Action item –
Of the lines in the material below, print only those from the one containing "But Re-Volution takes" to the one containing "- Meine Staudenbeete", ends included, exactly as written and without pictures.

Data for the task –
%%

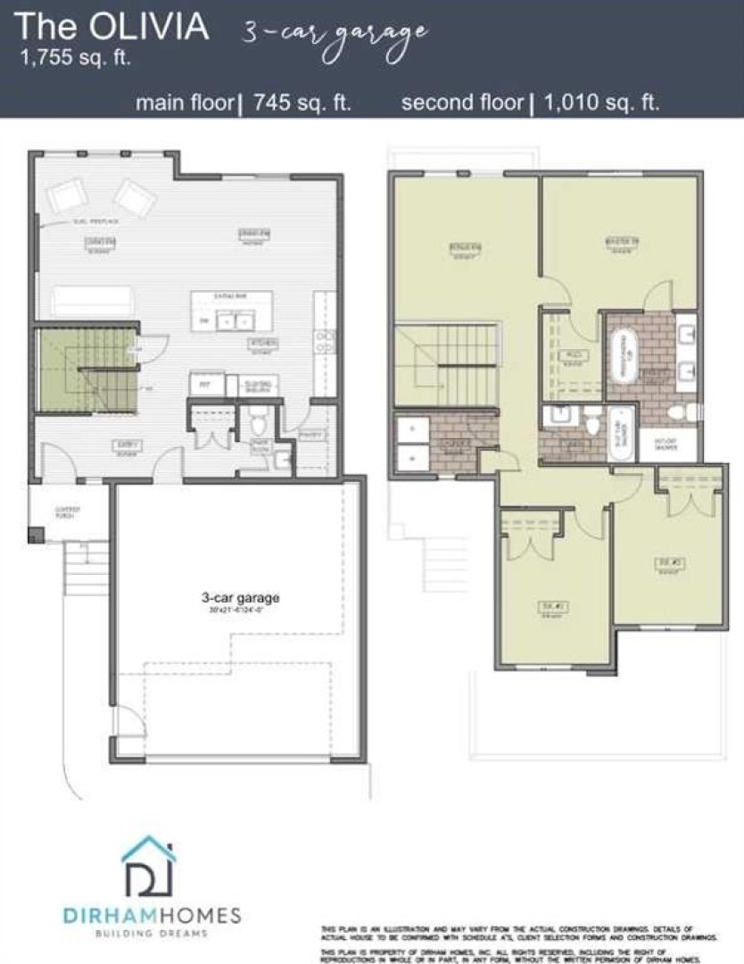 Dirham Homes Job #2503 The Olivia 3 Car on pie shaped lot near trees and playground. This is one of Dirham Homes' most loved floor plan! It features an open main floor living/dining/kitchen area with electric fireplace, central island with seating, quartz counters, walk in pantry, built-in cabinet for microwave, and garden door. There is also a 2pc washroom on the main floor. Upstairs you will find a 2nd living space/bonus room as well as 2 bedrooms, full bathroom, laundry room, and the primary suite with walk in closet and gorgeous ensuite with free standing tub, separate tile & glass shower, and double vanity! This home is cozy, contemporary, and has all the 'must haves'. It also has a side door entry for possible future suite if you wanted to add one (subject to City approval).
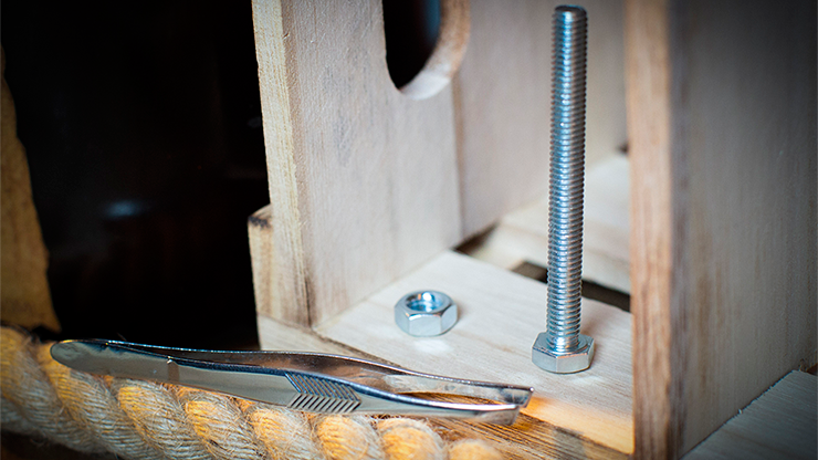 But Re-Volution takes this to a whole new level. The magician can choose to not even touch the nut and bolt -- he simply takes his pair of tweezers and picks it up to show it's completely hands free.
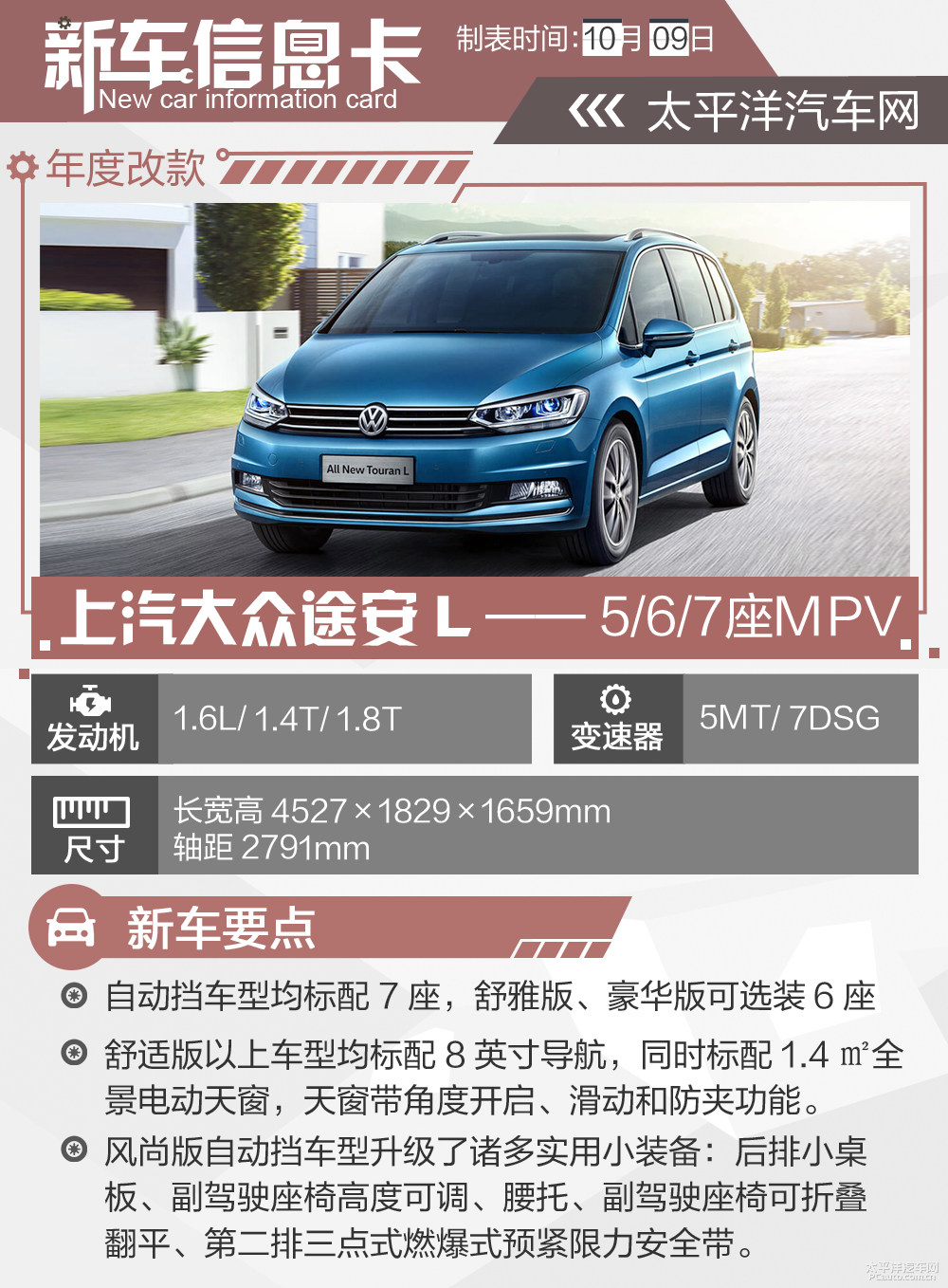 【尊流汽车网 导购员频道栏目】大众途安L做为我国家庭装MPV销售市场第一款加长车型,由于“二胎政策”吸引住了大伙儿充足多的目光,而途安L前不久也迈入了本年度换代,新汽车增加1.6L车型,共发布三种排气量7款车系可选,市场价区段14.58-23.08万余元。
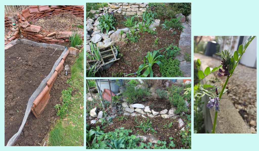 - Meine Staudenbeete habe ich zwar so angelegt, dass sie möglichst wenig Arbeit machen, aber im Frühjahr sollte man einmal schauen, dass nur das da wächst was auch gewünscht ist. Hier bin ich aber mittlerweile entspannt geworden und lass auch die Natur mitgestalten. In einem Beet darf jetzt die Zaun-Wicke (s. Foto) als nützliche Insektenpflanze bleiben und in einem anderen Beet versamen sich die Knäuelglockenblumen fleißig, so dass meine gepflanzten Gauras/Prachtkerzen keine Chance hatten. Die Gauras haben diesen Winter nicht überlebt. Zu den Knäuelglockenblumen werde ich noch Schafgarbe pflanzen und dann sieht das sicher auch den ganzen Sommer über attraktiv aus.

%%
%%

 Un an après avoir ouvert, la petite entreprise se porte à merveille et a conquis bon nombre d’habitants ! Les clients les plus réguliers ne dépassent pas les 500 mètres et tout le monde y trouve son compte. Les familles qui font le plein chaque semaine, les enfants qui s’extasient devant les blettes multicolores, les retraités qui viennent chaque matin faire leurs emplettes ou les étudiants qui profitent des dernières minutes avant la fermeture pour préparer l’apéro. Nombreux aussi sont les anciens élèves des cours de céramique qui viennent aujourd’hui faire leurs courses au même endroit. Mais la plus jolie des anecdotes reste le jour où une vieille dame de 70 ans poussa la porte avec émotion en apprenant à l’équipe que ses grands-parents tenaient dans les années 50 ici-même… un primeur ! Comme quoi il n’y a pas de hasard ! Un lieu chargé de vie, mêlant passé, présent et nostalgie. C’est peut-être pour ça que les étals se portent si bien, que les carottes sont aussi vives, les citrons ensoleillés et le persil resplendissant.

%%
%%

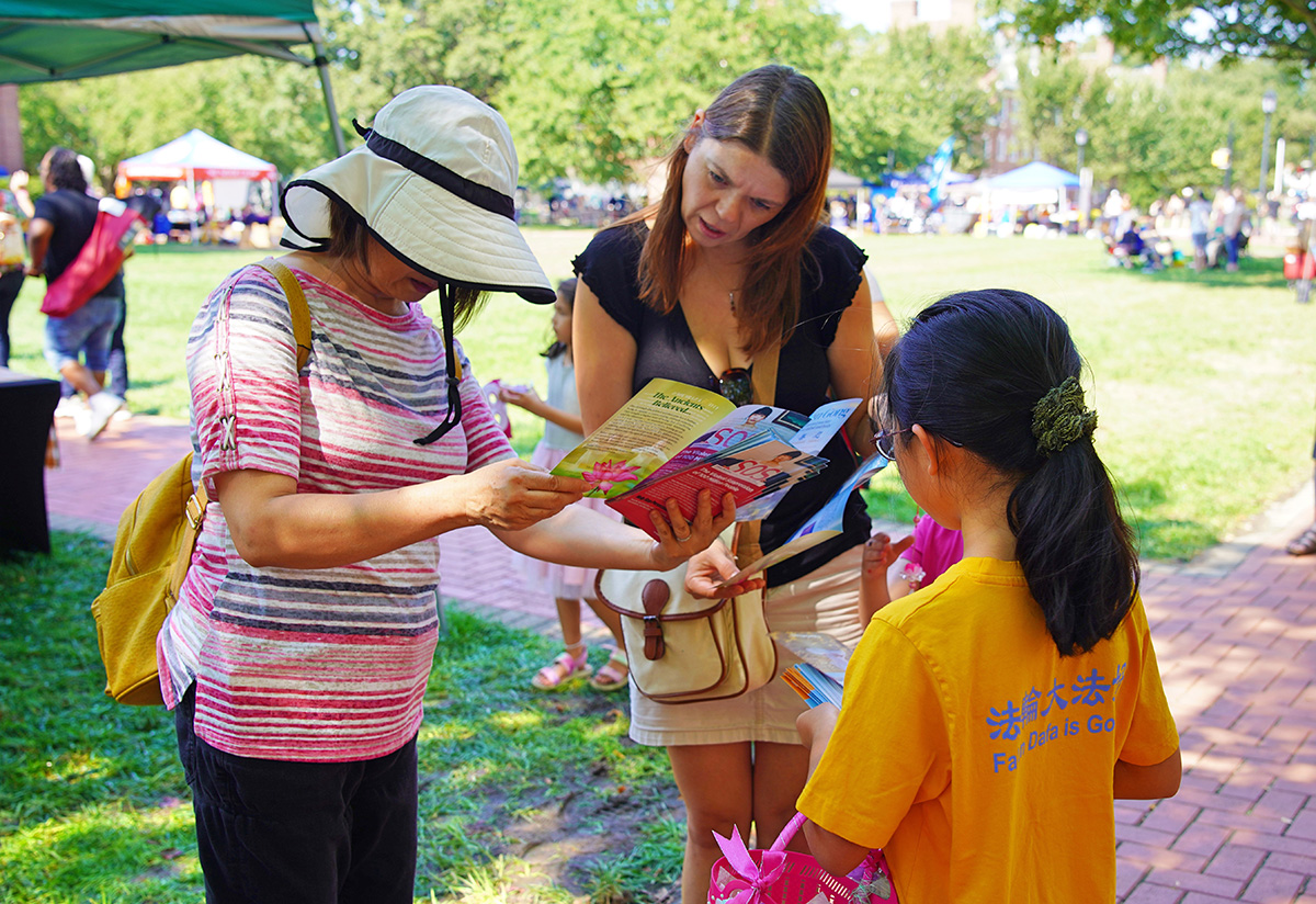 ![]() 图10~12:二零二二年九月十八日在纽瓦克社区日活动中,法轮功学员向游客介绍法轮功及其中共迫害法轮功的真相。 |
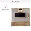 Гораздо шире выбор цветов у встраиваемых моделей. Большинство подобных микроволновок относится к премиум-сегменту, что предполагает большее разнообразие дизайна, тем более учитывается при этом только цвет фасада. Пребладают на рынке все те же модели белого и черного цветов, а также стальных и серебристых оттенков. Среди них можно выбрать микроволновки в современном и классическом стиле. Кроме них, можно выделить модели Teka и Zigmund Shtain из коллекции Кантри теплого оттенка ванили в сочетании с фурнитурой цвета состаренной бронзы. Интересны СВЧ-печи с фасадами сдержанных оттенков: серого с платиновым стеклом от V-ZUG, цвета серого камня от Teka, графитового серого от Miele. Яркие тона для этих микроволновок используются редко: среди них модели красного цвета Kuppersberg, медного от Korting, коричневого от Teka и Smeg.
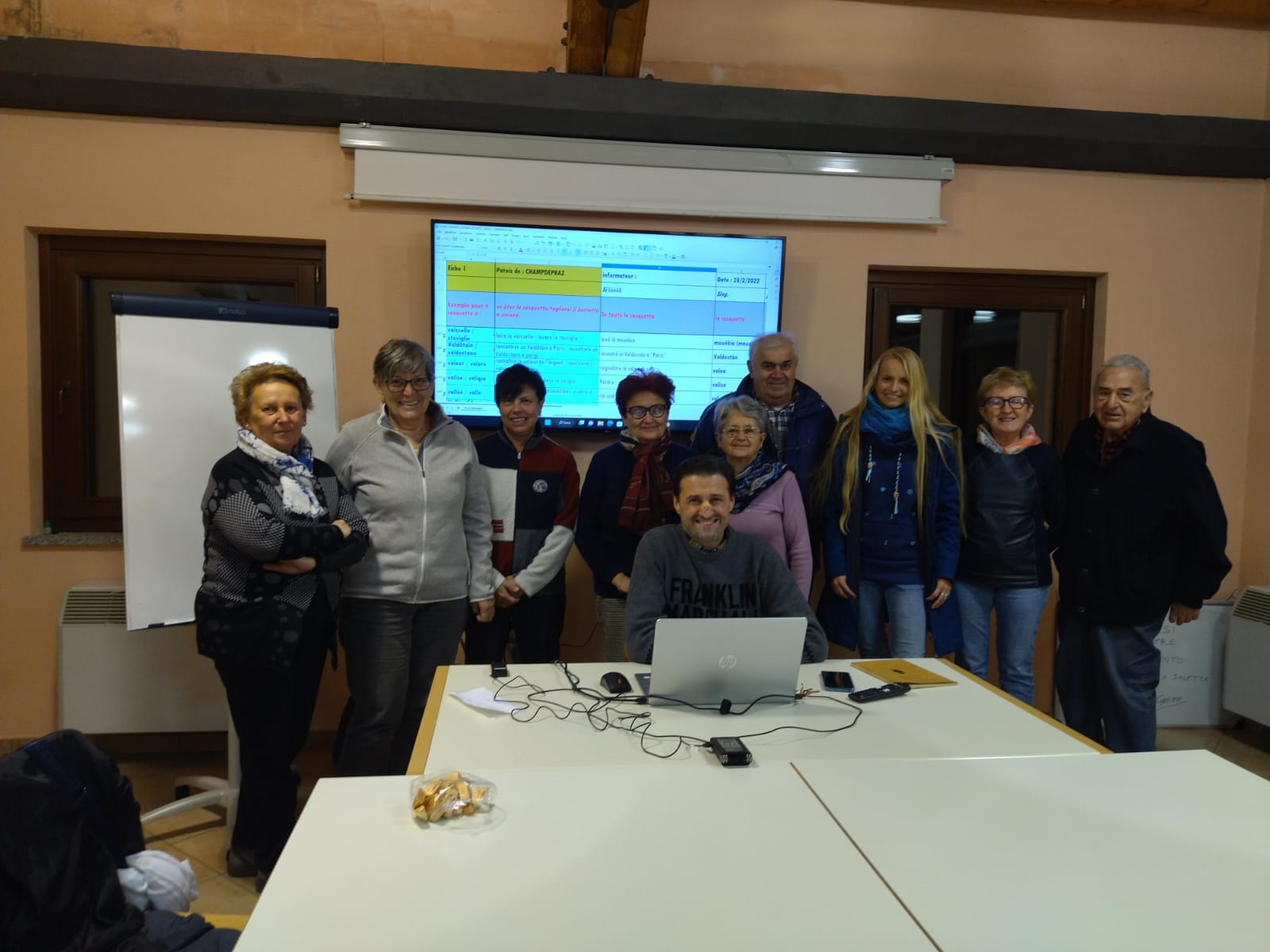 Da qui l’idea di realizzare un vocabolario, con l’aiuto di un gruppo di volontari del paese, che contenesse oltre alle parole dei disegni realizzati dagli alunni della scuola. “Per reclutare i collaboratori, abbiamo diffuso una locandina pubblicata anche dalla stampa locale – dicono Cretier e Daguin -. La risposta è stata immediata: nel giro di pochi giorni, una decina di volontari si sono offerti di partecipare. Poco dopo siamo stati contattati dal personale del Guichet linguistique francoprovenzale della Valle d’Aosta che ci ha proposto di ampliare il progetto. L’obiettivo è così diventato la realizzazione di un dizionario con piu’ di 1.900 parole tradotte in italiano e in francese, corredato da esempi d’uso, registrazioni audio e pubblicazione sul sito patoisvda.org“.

%%

Written solution –
 But Re-Volution takes this to a whole new level. The magician can choose to not even touch the nut and bolt -- he simply takes his pair of tweezers and picks it up to show it's completely hands free.
 【尊流汽车网 导购员频道栏目】大众途安L做为我国家庭装MPV销售市场第一款加长车型,由于“二胎政策”吸引住了大伙儿充足多的目光,而途安L前不久也迈入了本年度换代,新汽车增加1.6L车型,共发布三种排气量7款车系可选,市场价区段14.58-23.08万余元。
 - Meine Staudenbeete habe ich zwar so angelegt, dass sie möglichst wenig Arbeit machen, aber im Frühjahr sollte man einmal schauen, dass nur das da wächst was auch gewünscht ist. Hier bin ich aber mittlerweile entspannt geworden und lass auch die Natur mitgestalten. In einem Beet darf jetzt die Zaun-Wicke (s. Foto) als nützliche Insektenpflanze bleiben und in einem anderen Beet versamen sich die Knäuelglockenblumen fleißig, so dass meine gepflanzten Gauras/Prachtkerzen keine Chance hatten. Die Gauras haben diesen Winter nicht überlebt. Zu den Knäuelglockenblumen werde ich noch Schafgarbe pflanzen und dann sieht das sicher auch den ganzen Sommer über attraktiv aus.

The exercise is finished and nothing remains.